Note: in this post we adopt the term “primary” over the term “master” in the context of MySQL replication. However, at this time there is no alternative to using the actual names of some configuration and status variables that use “master” terminology, and some duality is present.

Overview

As quick recap, semi-synchronous replication is a mechanism where a commit on the primary does not apply the change onto internal table data and does not respond to the user, until the changelog is guaranteed to have been persisted (though not necessarily applied) on a preconfigured number of replicas. We limit our discussion to MySQL 5.7 or equivalent.

Specifically, the primary is configured with rpl_semi_sync_master_wait_for_slave_count, which is 1 or above, if semi-sync is to be used. An INSERT transaction, for example, will not report being committed (i.e. the user will not get “OK”) until at least that number of replicas have acknowledged receipt of that transaction’s changelog (entries in the binary log). In practice, this means at least that number of replicas have written the changelog onto their relay logs where the change is now persisted. The replicas will apply the change later on, normally as soon as they can. For the scope of this post, we assume replicas are not intentionally stopped, and we can also ignore delayed replicas.

The primary waits up to rpl_semi_sync_master_timeout, after which it falls back to asynchronous replication mode, committing and responding to the user even if not all expected replicas have acknowledged receipt. In the scope of this post, we are interested in an “infinite” timeout, which we will accept to be a very large number.

The only replicas to acknowledge receipt of the changelog are replicas where semi-sync is enabled. There could be other, non semi-sync replicas in our topology. They, too, pull the changelog from the primary, but do not acknowledge receipt. As JFG points out in his post, the semi-sync replicas aren’t necessarily the most up to date. It’s possible that a non-semi-sync replica has pulled more changelog data than some or all semi-sync replicas.

Durability

The most straightforward use case for semi-sync is to guarantee durability of the data. We only approve a commit once the transaction (in the form of a changelog) is persisted elsewhere, on a different server, or on multiple servers.

As mentioned earlier, this does not mean the changelog has been applied on those servers. Replication may be lagging and the servers may be too busy to be able to apply the changelog in a timely fashion. But, at the very least, if the primary crashes, there’s “forensic evidence” in the relay logs of a semi-sync replica that can tell us what the latest changes were.

Consistency

The term “consistency” is overloaded, and especially in distributed systems. The CAP Theorem definition of consistency is, for example, very strict: once data was written on one server, any immediate follow-up read on any other server must reflect that write (or any later write).

We will suffice with eventual consistency.

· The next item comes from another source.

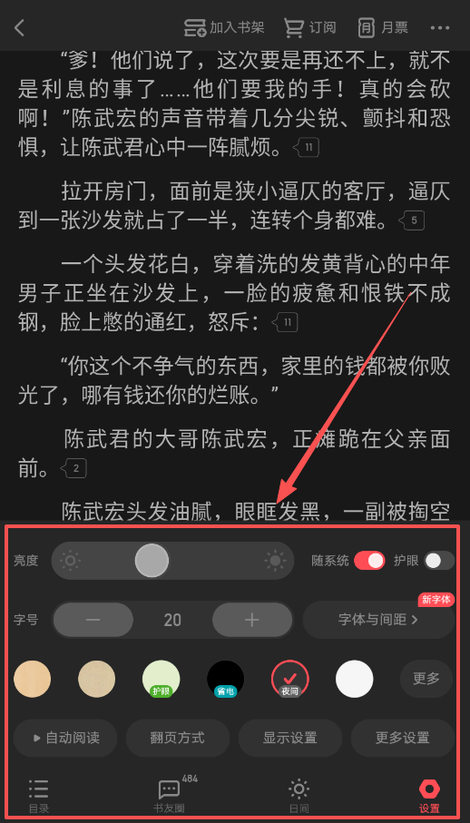2、在阅读小说时,可以自定义文字颜色、背景、字体大小以及阅读进度。

This in itself an overloaded term, so let’s clarify: in the case of a primary outage, we consider our system consistent if we’re able to promote a new primary within any amount of time (obviously in practice we expect the time to be short) such that it is consistent with the previous primary’s advertised state. I write “advertised” state because the end user or applications should not be surprised by any data changes when the new primary is promoted, regardless of how transactions/replication work internally.

Split brain

A split brain is a situation where there are two servers which are simultaneously taking writes, each thinking they’re the (single) primary. In a split brain scenario the data diverges between the two servers. If those servers also have replicas, then we have two divergent replication trees. Fixing and merging those divergent trees is difficult, and normally we revert the changes on one to make it look like the other (whether by backup+restore or by some rollback method).

Reiterating JFG’s observation that while engineers normally frown upon split brains, the damage of split brain may well be within a product’s allowance.

Topologies and scenarios

As always, getting best durability as possible, best consistency as possible, best response times as possible, best split brain mitigation as possible, is costly. Product owners and engineers make reasonable tradeoffs.

Let’s consider a few configured topologies, and see what scenarios we can expect upon failure. In particular, how durable our data is, can we expect it to be consistent, and can we expect split brains.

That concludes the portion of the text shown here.